Speaking of Speakers Part 3

There are many different types of speaker cabinet designs.

Line Arrays

Line Arrays have enjoyed a recent resurgence as the modern 'must have' speaker system. However their roots go back to the days when Town Halls all around the world had old style column speakers hanging in the corners. There is a saying in the sound industry that if you have to ask if you need a Line Array, you don't need a Line Array.

Line Arrays are particularly good at a narrow set of functions which limits their practical use to covering very long distances and covering wide areas. This makes them particularly useful for large outdoor concerts, but not brilliant in other scenarios. Line Arrays are relatively complex to setup and require a minimum of 4 to 6 individual cabinets joined together to work properly. They are also only practical when flown from the roof or a dedicated tower.
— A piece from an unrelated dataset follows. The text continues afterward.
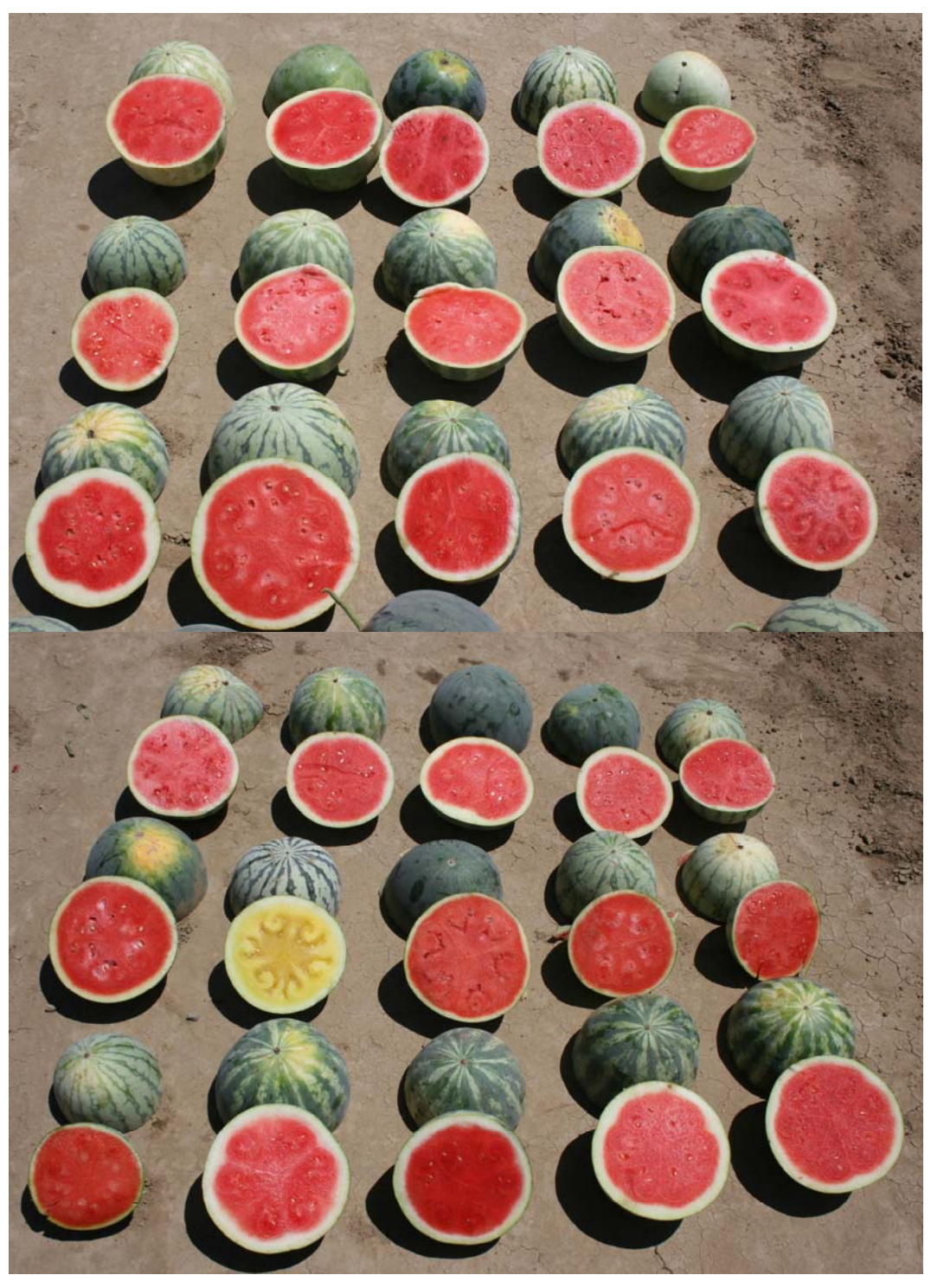
Figure 2. Entries in the trial for evaluation of yield and quality of personal watermelon varieties under conditions in western Fresno County on 25 Aug 2008. Entries appear sequentially by treatment number as listed in Table 1 from left to right, back to front.

There has been a recent increase in small Line Arrays marketed at musicians and bands to take advantage of the buzz around the term. I don't recommended that you purchase a Line Array that you can buy in a music shop.

Passive Mid / High Speakers

These speakers are the most commonly used in the industry for small events.
They consist of one or two Mid Range speakers and a Horn speaker combined in a single speaker cabinet. They can produce almost the entire frequency range apart from the lowest sub bass frequencies. For extra bass they are stacked on top of additional Sub Woofers. There are two modes of operation, Bi-Amp and Passive Crossover.
In Bi-Amp mode, a separate amplifier drives the Horn Speaker from the amplifier that drives the Mid Range speakers. In Passive Crossover mode, a special device allows the entire cabinet to be powered by a single amplifier by splitting the frequencies and directing them to the right speaker.

Passive Crossovers are less than ideal but are low cost. Bi-Amping a speaker ensures that if a large amount of power is required for a split second to drive the Mid Range speakers, that it does not affect the power going to the Horn Speakers. This generally means Bi-Amped speakers are louder and clearer.